I happen to have watched a fair number of instruction videos on perspective drawing, and to my frustration, I haven't yet found a single one that addresses this mistake, even from the most meticulous and formal instructors.

This is somewhat understandable. Broadly speaking, artists establish rules based on aesthetics, intuition, and approximation; whereas mathematicians remain skeptical without proof. These are two valid mindsets for two different fields, and your question belongs to the overlap of the two. The danger of an artist learning the technical craft of perspective is that they might use rules of thumb indiscriminately without fully understanding when they apply. The danger of a mathematician learning to draw is that they might break out a straightedge and compass without considering whether that will actually contribute to a successful composition. It would be nice to find a happy middle ground between these two camps, but ellipses turn out to be surprisingly complex. A perfect geometric construction exists, but just isn't worth it in the the context of a larger drawing, so it's natural to look for a simpler way.

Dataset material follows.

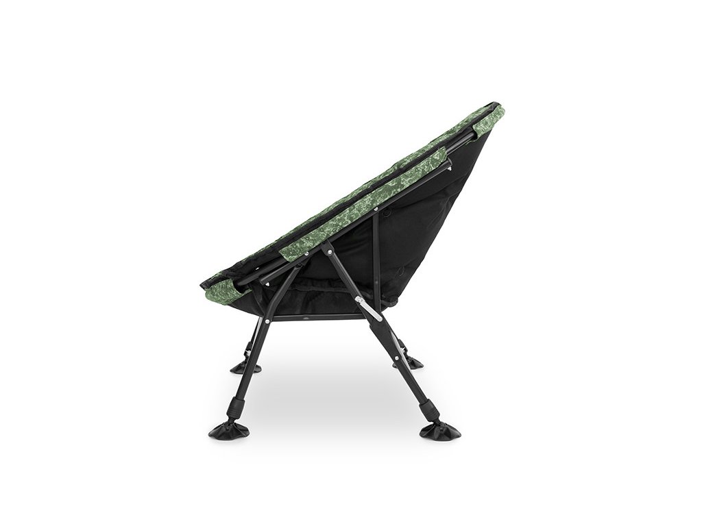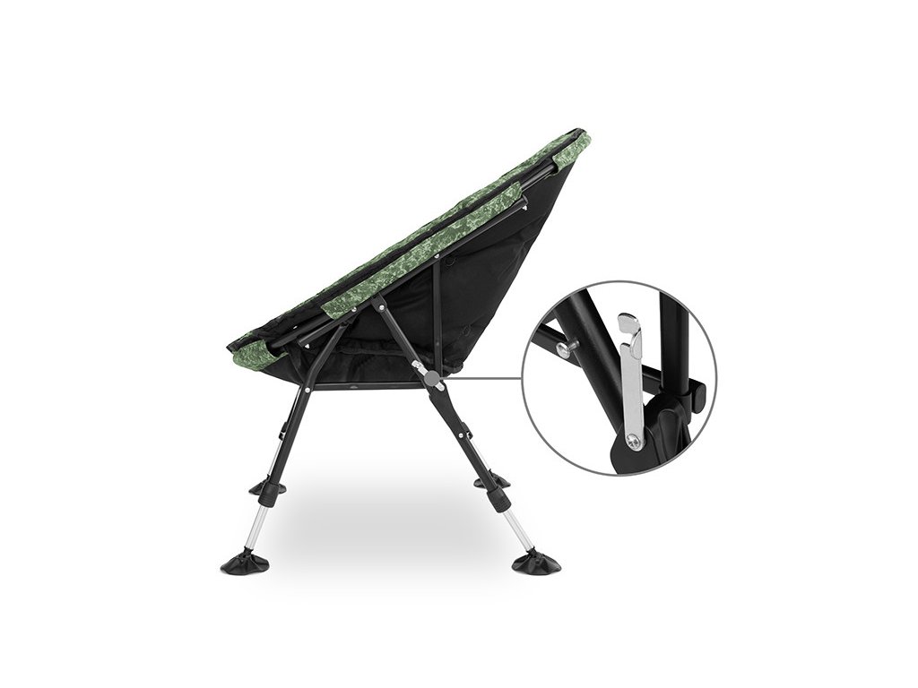 Jednu z hlavních výhod tohoto křesla najdeme v oblasti nohou, které jsou plně nastavitelné. Každou z noh si můžete individuálně vysunout podle vašich potřeb a podle členitosti terénu. Díky širokým patkám s kloubovým uchycením lze křeslo postavit i v nerovném terénu či na bahnitém podkladu.

Note that the rule actually does work for isometric drawings. In other words, if all parallel lines remain parallel (as opposed to converging to a vanishing point), then it holds. There are other cases where it holds, as you allude to in the comments. Most importantly, the rule will be reasonably close when the drawing is within the cone of vision. In contrast, in your first example, the leftmost circle is outside the cone of vision and therefore quite distorted.

In summary, the "rule" should be considered a good approximation most of the time, but the more distortion there is, the more likely you should abandon it and use your instincts (or a straightedge and compass).

Answer 2

Minor/major axes, foci, etc. are "metric objects" that have a meaning in the framework of metric geometry, therefore are outside the scope of projective geometry which (in particular) doesn't preserve neither the lengths nor the ratio of lengths (but the cross-ratio). As a consequence, it is not astonishing that you find such discrepancies...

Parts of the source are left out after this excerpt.